Local Hybrid Retrieval-Augmented Document QA
Paolo Astrino
TL;DR
To address data privacy in enterprise QA, the paper presents a fully local Retrieval-Augmented Generation system that runs on on-premises hardware without internet access. It leverages a hybrid retrieval strategy that combines BM25 lexical matching with dense BGE embeddings, with an EnsembleRetriever tuned to 30% sparse/70% dense, achieving competitive accuracy across legal, scientific, and conversational documents. GPU acceleration yields substantial speedups in embedding and inference, and a locally hosted Llama 3.2 via Ollama ensures data sovereignty; hallucination is quantified using an LLM-as-Judge on over 1,500 query-answer pairs. The results demonstrate that privacy-preserving enterprise document QA can match cloud-based performance while keeping all data on premises.
Abstract
Organizations handling sensitive documents face a critical dilemma: adopt cloud-based AI systems that offer powerful question-answering capabilities but compromise data privacy, or maintain local processing that ensures security but delivers poor accuracy. We present a question-answering system that resolves this trade-off by combining semantic understanding with keyword precision, operating entirely on local infrastructure without internet access.
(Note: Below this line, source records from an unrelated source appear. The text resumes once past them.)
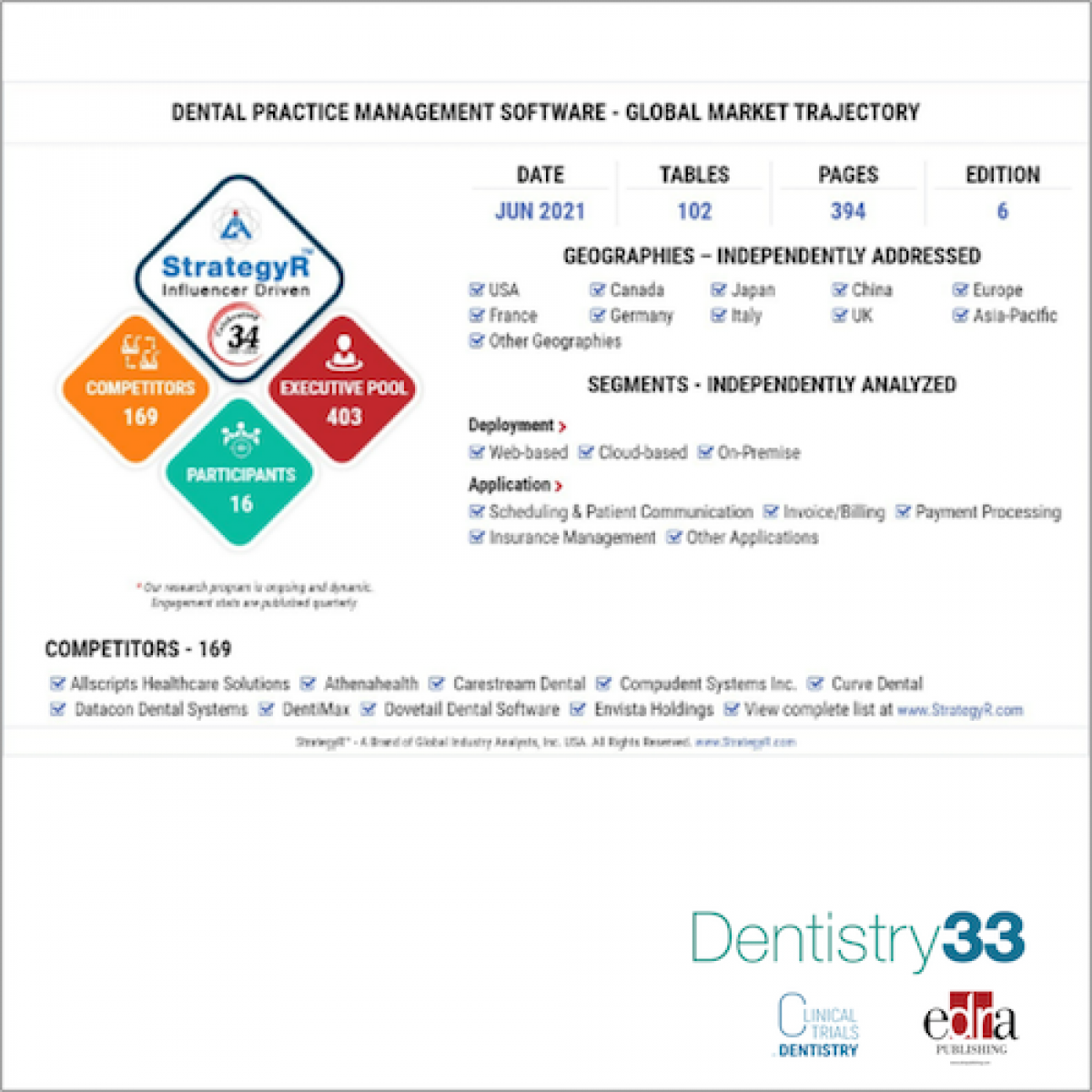 Practice management software includes business tools such as accounting, e-billing, software that allows for making appointments online, generates reports, and aids in insurance claims. The market also includes software that assists in treatment planning and mapping and dental imaging.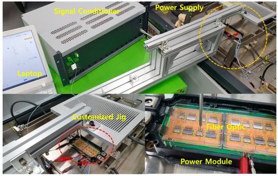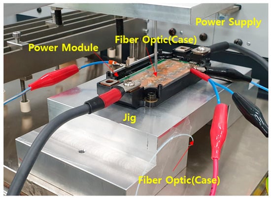 The SiC MOSFET power module (SPX300GB120C2S6-2, Semipowerex) is used to validate the proposed method. The module is a 1200 V 300 A half-bridge inverter with four parallel SiC MOSFETs and four parallel SBDs. The direct bonded copper (DBC) is composed of copper and alumina substrate. To heat the SiC MOSFET, the load current is applied using a power source (Mentor Graphics). The power source has a function to measure the drain-source voltage. The power dissipation of the SiC MOSFET is calculated using the measured current load and drain-source voltage. The junction temperature is monitored by an fiber optic sensor (manufactured by OPSENS) with a resolution of 0.05 °C and temperature measurement range of −40 to 250 °C. The fiber optic sensor has low nonlinearity and electrical insulation, and thus is suitable for power device applications. In addition, the junction temperature can be measured even with the gels on the power module. The temperature distribution in the devices can be accurately measured through multi-point sensing. The flexible temperature sensor wire is guided by a customized aluminum fixture with an aluminum tube guide. The sensor tip is touched on the SiC MOSFET to measure the junction temperature. The measured signal is recorded by the signal conditioner, which provides a sampling rate of 1 kHz. The measurement system setup is shown in Figure 3, and its specifications and equipment used are listed in Table 2.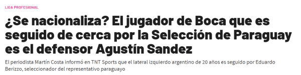 Se trata de Agustín Sández, quien es estudiado hace tiempo por Eduardo Berizzo para sumarse a la Selección de Paraguay para próximas convocatorias. En abril, el periodista Martín Costa había contado en TNT Sports el lateral izquierdo argentino estaba en carpeta para el combinado guaraní, pero para ello debía nacionalizarse paraguayo.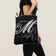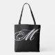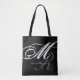 Un sac fourre-tout noir élégant avec votre nom et vos initiales monogrammed dans un style de police de script

Our approach demonstrates that organizations can achieve competitive accuracy on complex queries across legal, scientific, and conversational documents while keeping all data on their machines. By balancing two complementary retrieval strategies and using consumer-grade hardware acceleration, the system delivers reliable answers with minimal errors, letting banks, hospitals, and law firms adopt conversational document AI without transmitting proprietary information to external providers. This work establishes that privacy and performance need not be mutually exclusive in enterprise AI deployment.